Il embarque devant Djidjelli (Algérie) dix compagnies du régiment de Picardie soit environ 800 hommes supplémentaires[21]. Il y a donc une surcharge d'hommes dont certains blessés, outre les membres d'équipage destinés à manœuvrer le navire. La traversée met quatre jours, durant lesquels les membres de l'équipage doivent écoper car le navire prend l'eau.
À son retour à Toulon, le Commandeur de Verdille, capitaine de vaisseau, se voit refuser l'accès à la rade, les navires susceptibles d'apporter la peste étant mis en quarantaine par l’Intendant de la Marine Louis Testard de la Guette. S'étant éloigné de la rade de Toulon, le vaisseau se disloque, s'ouvre en deux et coule à pic — « comme du marbre » selon les témoignages des rescapés — dans la rade d'Hyères, à proximité des îles d'Hyères, avec à son bord les dix premières compagnies du régiment de Picardie.
Plus de 700 hommes périssent noyés, avec parmi eux le général de la Guillotière, l'un des deux maréchaux de camp du comte de Gadagne durant l'expédition[22],[23]. Une centaine de rescapés parviennent à gagner l'île de Port-Cros mais, abandonnés sur cette île déserte de 7 km2, ils meurent tous de faim[24]. Le Commandeur de Verdille et Antoine Bœsset de La Villedieu (aide de camp du général de la Guillotière) s'en réchappent tous les deux à la nage[25],[22]. On n'aurait compté en tout que quelques dizaines de rescapés, voire seulement 24 selon Bachelot[26].
Le , l'épave de La Lune est découverte par hasard par l'équipe de Paul-Henri Nargeolet lors de tests de plongée du Nautile[27], submersible de recherche de l'IFREMER[24], gisant par 90 m de profondeur au large de Carqueiranne. Le navire, au fur et à mesure des années, s'est effondré sur lui-même et le site a fini par créer un tumulus de 3,5 m de hauteur, les pièces d'artillerie restant alignées.
Le site est alors succinctement expertisé et marqué par les archéologues et, en attendant d'entreprendre une véritable fouille de l'épave, opération longue et coûteuse, il est protégé par arrêté préfectoral dès le [4].
L'année suivante, Marie-Chantal Aiello a réalisé un documentaire pour France 3, La Lune et le Roi Soleil. Pascal Guérin et Herlé Jouon ont réalisé, en 2013, un documentaire intitulé L'Épave cachée du Roi-Soleil pour Arte. En 2018, la série documentaire Enquêtes en Eaux Profondes consacre à l'exploration de l'épave un épisode, intitulé "On a plongé sur la Lune"[28].
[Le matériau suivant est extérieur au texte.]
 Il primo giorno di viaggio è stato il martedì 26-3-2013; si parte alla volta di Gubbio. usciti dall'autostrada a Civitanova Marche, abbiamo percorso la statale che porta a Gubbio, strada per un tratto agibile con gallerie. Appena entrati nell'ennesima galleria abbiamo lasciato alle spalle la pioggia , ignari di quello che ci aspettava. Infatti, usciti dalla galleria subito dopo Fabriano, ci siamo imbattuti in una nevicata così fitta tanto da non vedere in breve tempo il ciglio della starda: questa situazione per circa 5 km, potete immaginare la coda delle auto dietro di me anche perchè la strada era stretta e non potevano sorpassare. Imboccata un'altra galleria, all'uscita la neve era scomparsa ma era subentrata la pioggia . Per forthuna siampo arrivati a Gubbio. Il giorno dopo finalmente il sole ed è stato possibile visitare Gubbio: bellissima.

La campagne de 2012 est prévue pour durer 5 jours seulement, car la zone est localisée dans une zone militaire soumise à une haute surveillance.
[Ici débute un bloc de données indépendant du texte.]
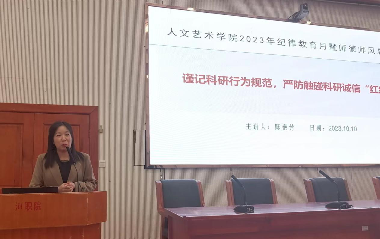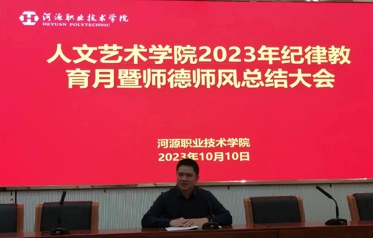10月10日15:00,按照省教工委、市委办有关通知要求和《赢博线上官网(集团)官方网站关于2023年开展纪律教育学习月活动的实施方案》部署要求,人文艺术学院在行政楼C108举行纪律教育学习月暨师德师风主题教育活动总结大会。学校副校长袁光华、人文艺术学院全体教职工参加了此次会议。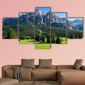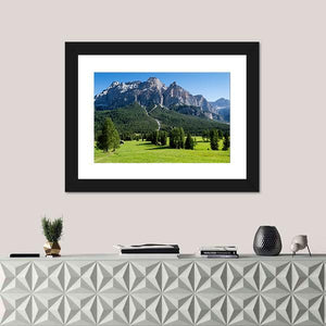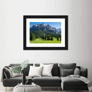 A photorealistic landscape showing jagged mountain peaks, a dense evergreen forest, and a sunlit green meadow beneath a clear blue sky. Its serene, majestic mood suits modern homes and nature‑inspired room decor.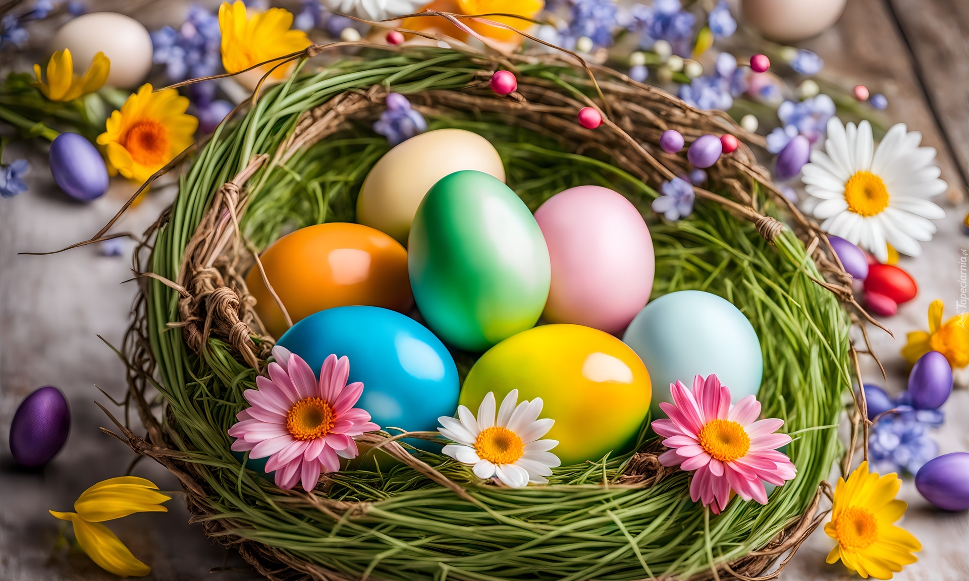 Edytor tapety: Gniazdko z kolorowymi pisankami i kwiatami

Les membres de l'équipe de fouilles sous la direction de Michel L'Hour souhaitent remonter de l'épave de la vaisselle, des armes et également un canon en bronze. La profondeur nécessite une préparation intense de l'expédition. Cette profondeur, ajoutée au fait que cette opération soit la première menée par l'André Malraux, donne à la fouille un enjeu particulier[29].
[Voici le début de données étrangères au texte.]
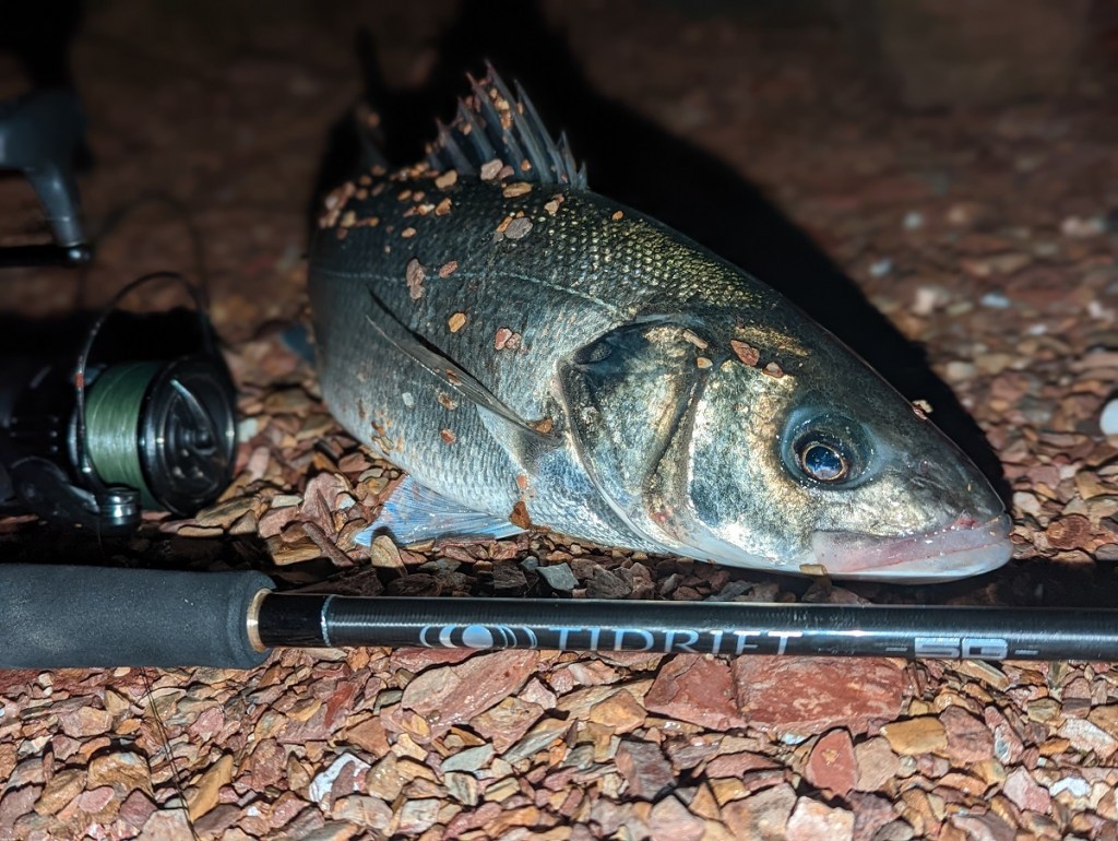 It isn’t always as easy as catching them the 3rd cast of course! However, as my mantra during the coldest months is to complete short sessions of no more than a couple of hours around what I consider to be the ‘best’ period in the tide, if the bass are feeding, I generally latch into one fairly quickly. As is very, very often the case when night fishing at this time of the year, as soon as I began to sense some additional tension through the rod and braid as the tide sped up, BANG!

Le , l'opération conjointe de navires civils et militaires débute. Outre l'André Malraux, sont présents le remorqueur de la Marine Nationale Jason, duquel est mis à l'eau un scaphandrier équipé d'une combinaison pressurisée Newtsuit, le navire d'exploration Minibex de la Comex et son sous-marin habité Remora 2000 muni d'un dispositif de caméras.
L'expédition est l'occasion d'expérimenter de nouvelles techniques de fouilles sous-marines, expérimentation de l'usage du visionnage de l'épave en 3D (Dassault Systèmes) et également expérimentation d'une fouille en eaux profondes. Très peu d'épaves situées en eaux profondes ont été explorées. La fouille de La Lune est importante pour valider des techniques de fouilles à ces profondeurs ainsi que comme chantier où agissent différents engins sous-marins.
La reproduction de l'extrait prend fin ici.